Une presque fin de non-recevoir
Rotation des cultures et couverture des sols
En attendant, une première réunion technique a eu lieu, jeudi 12 mai, entre la direction générale de la Performance économique et environnementale des entreprises (DGPE) du ministère de l'Agriculture et les parties prenantes. Parmi les points litigieux sur le plan réglementaire à examiner figurent notamment deux bonnes conditions agricoles et environnementales (BCAE), jugées mal interprétées dans le PSN : la BCAE 7, sur la rotation des cultures, et la BCAE 6, sur la couverture des sols. En la matière, la Commission exige, en effet, que la totalité des sols soit concernée, et non pas seulement les zones vulnérables aux nitrates, comme le souhaite la France. « C'est déjà le cas pour 75 % des terres », argumente Arnaud Rousseau, vice-président de la FNSEA. Pour le quart restant, le syndicat veut s'assurer « que cette obligation est juridiquement tenable et qu'elle colle bien aux réalités du terrain ». D'où sa demande d'un complément d'expertises. « Si celui-ci montre que la PSN ne respecte pas les règles, alors il faudra se mettre en conformité », indique Arnaud Rousseau. Pour ces deux BCAE, les justifications françaises devront être à la hauteur afin de faire évoluer la position de la Commission européenne.

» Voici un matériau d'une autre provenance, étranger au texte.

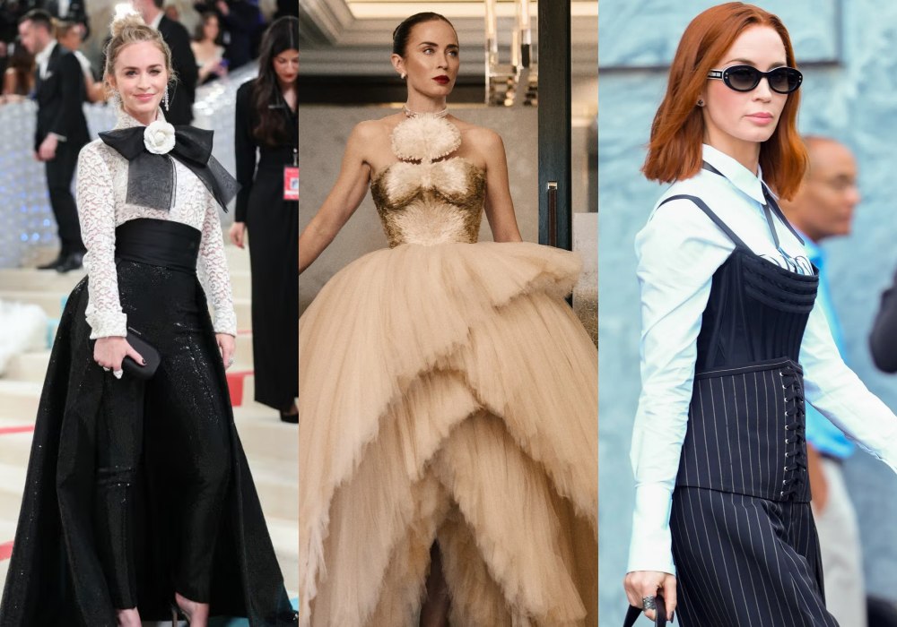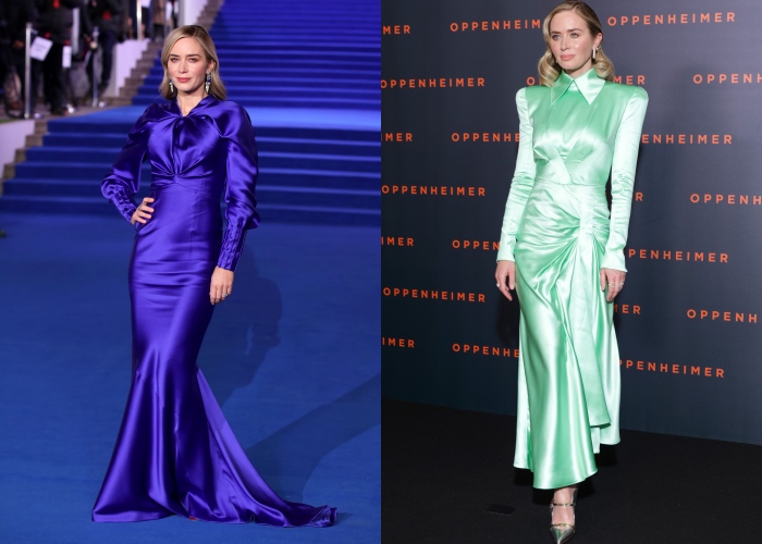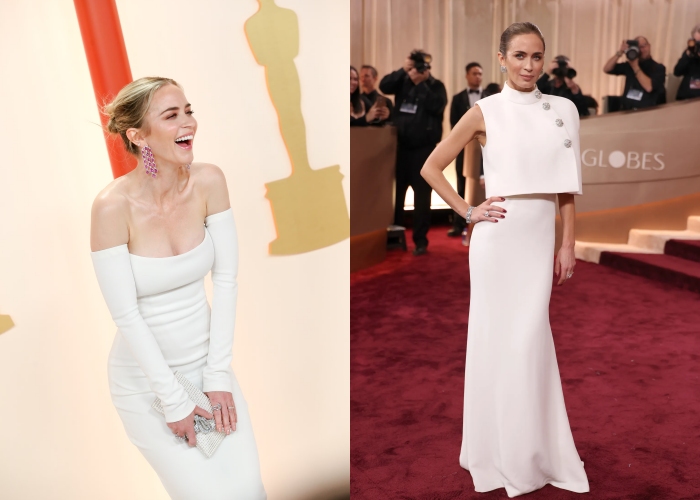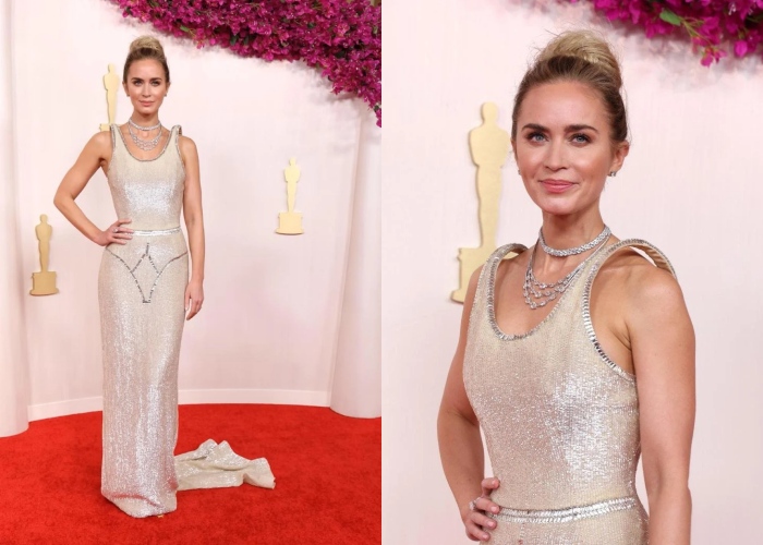 Emily Blunt 很少选择完全随性或松散的礼服。相反,她偏好具有明确结构的设计——例如利落肩线、收腰轮廓,或带有建筑感的剪裁。这样的选择,让她在红毯上始终维持一种挺拔、干净的视觉效果,也自然强化了整体气场。比起柔软却容易失焦的浪漫风,她的轮廓更具存在感,却不会显得用力。
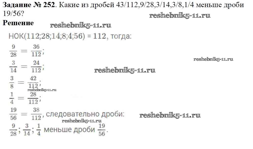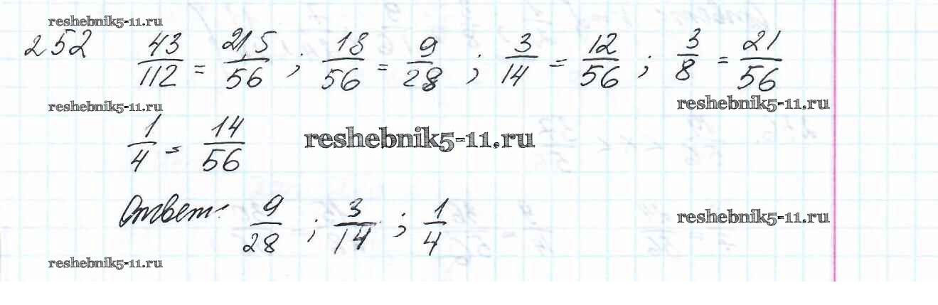 Готовая домашняя работа с ответами по Математике за 6 класс Мерзляк, Полонский, Якир Учебник Алгоритм успеха Вентана-граф 2016 ФГОС - Глава 2. Обыкновенные дроби (упражнения) 252
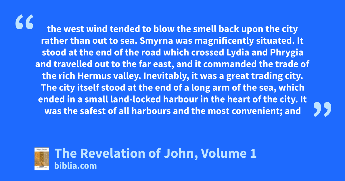 the west wind tended to blow the smell back upon the city rather than out to sea. Smyrna was magnificently situated. It stood at the end of the road which crossed Lydia and Phrygia and travelled out to the far east, and it commanded the trade of the rich Hermus valley. Inevitably, it was a great trading city. The city itself stood at the end of a long arm of the sea, which ended in a small land-locked harbour in the heart of the city. It was the safest of all harbours and the most convenient; and
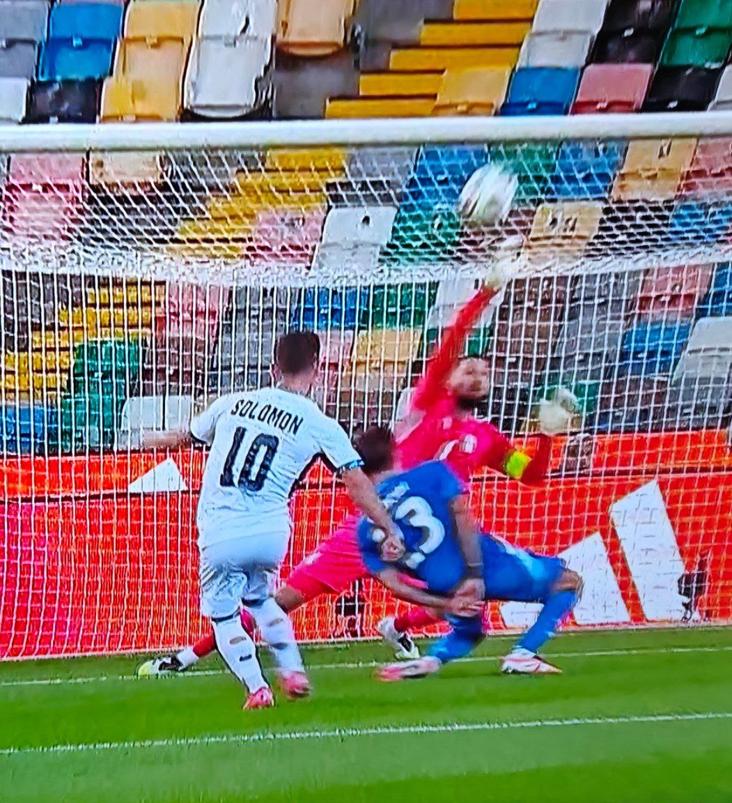 อิตาลีบุกมากว่า แต่จังหวะนี้เกือบโดนเมื่อ อิสราเอลได้โต้กลับ บอลไปจบที่ กลูค ง้างไกยิงตามน้ำหลุดเสาออกหลังน่าได้สุดๆ
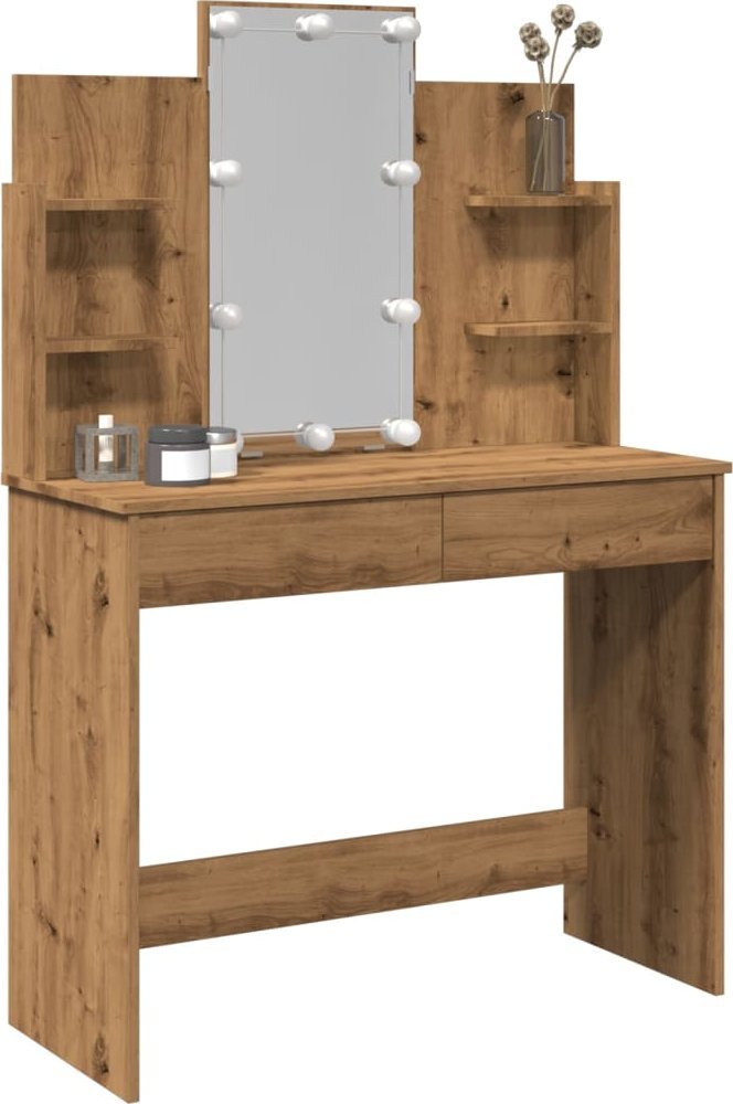 vidaXL Toaletka z oświetleniem LED, dąb artisan, 96x40x142 cm
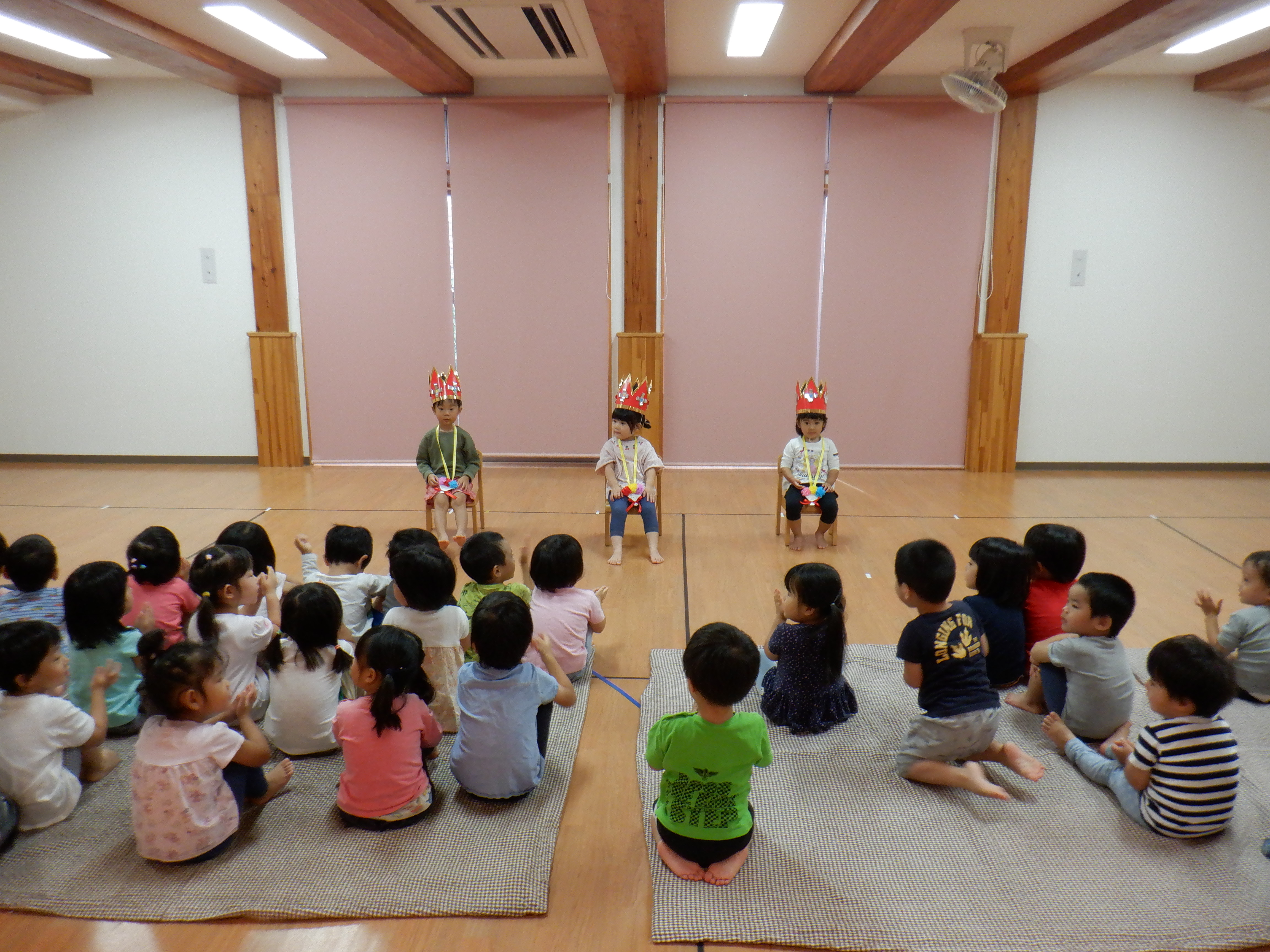 今月は7名のお友だちが誕生日を迎えました。とても温かい目で見守ってくれる子どもたち。誕生児たちも安心したのか、笑顔で質問に答えてくれました。
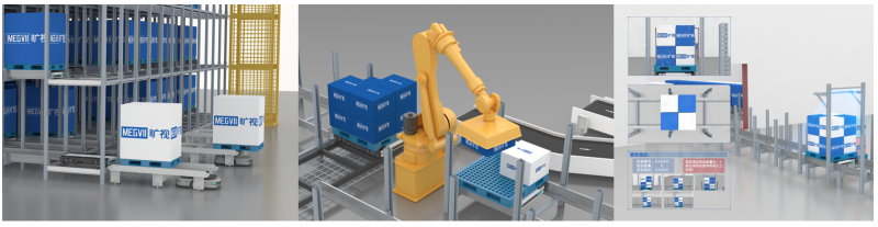?曠視四向車+拆碼垛機器人:四向車托盤存儲+機械臂拆碼垛,實現全無人化整箱揀選;使用同一個機械臂進行拆垛和混合碼垛,直接完成出庫托盤聚合;夜間可用機械臂進行同SKU的托盤合并,提高空間利用率。
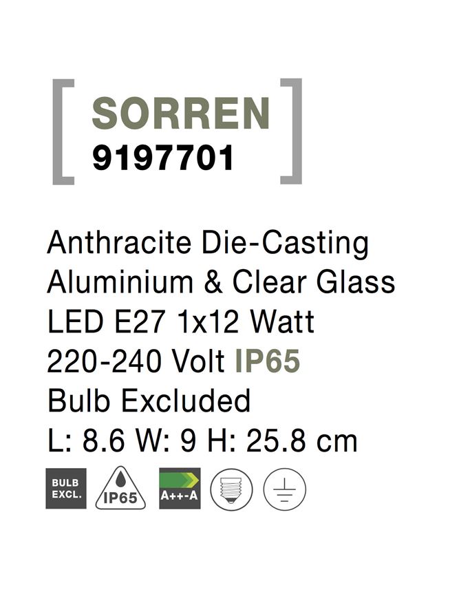 Anthracite Die-Casting Aluminium & Clear Glass LED E27 1×12 Watt 220-240 Volt Bulb Excluded IP65 L: 8.6 W: 9 H: 25.8 cm
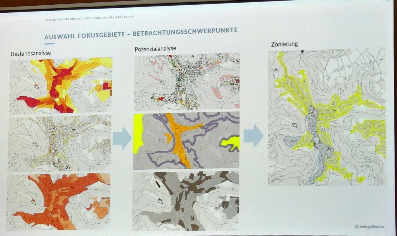 Für den Wärmeleitplan habe sein Büro vorhandene Daten mit den Daten der Schornsteinfeger abgeglichen, so Hägele. So habe man Gebäude herausgefunden, die einen höheren Sanierungsbedarf haben. „Wir haben auch geschaut, wo ginge Erdwärme, Solarthermie oder Wärme aus dem Abwasser.“
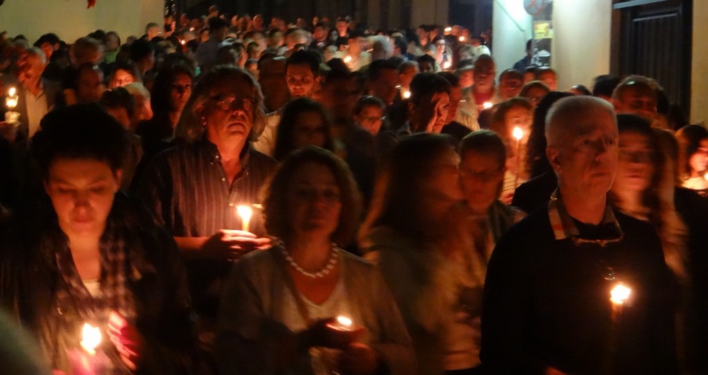 As the sun began to set the lights of the town came on along the bay and we set off to see what was happening in town. We could hear a church service being broadcast on loud speakers and followed the noise and crowds. Up a side road we walked towards the church that was the source of the service, waiting outside were a brass band, soldiers in uniform lined the street and a crowd was gathered all holding candles.

Autre point épineux, la certification Haute Valeur environnementale (HVE), dont le cahier des charges est en cours de réforme, hissée au même niveau que l'agriculture bio en termes d'indemnisation des agriculteurs. Revaloriser cette dernière revient à « dégrader » les indemnisations liées à la HVE. Un sujet qui mobilise particulièrement la plateforme Pour une autre PAC. « Il va falloir bouger sur ce cahier des charges », assure son président, Mathieu Courgeau, tout en doutant de la capacité du gouvernement à le finaliser dans les temps. Mais où placer le curseur ? Sur ce point, la FNSEA se montre plus que réservée. « La Commission européenne va devoir mieux expliquer ce qu'elle attend », commente Arnaud Rousseau.
Un calendrier très serré
Quel que soit le niveau d'ambition des parties prenantes, chacun devra sans doute faire preuve de pragmatisme car le calendrier s'avère désormais plus que serré. « Les agriculteurs ont besoin de connaître les règles avant le mois de juillet pour choisir leurs assolements, rappelle Arnaud rousseau. La Commission prévoit deux mois pour instruire le dossier. Le PSN devrait donc, théoriquement, lui être transmis au plus tard fin mai. Il y a urgence ! » De nouvelles discussions plus politiques devraient se dérouler dans les quinze prochains jours.
Quant à la HVE, elle pourrait être au centre d'une Commission nationale de la certification environnementale (CNCE), conclusive avant la fin mai. Ces nouveaux échanges seront-ils ouverts ou strictement formels ? Le vice-président de la FNSEA assure ne pas connaître les intentions de l'actuel ministre et s'il « aura à cœur de faire évoluer le PSN. » Mais il est certain, pour Arnaud Rousseau, que le calendrier actuel ne permet pas de rouvrir des négociations. L'État français envisagerait de transmettre ses réponses finales à la Commission la première semaine de juin. Quelles seront ensuite les orientations et les marges de manœuvre du nouveau ministre ? Réponse dans les jours à venir. La Commission, de son côté, a promis de tout faire pour adopter les PSN des États membres avant la fin de l'été.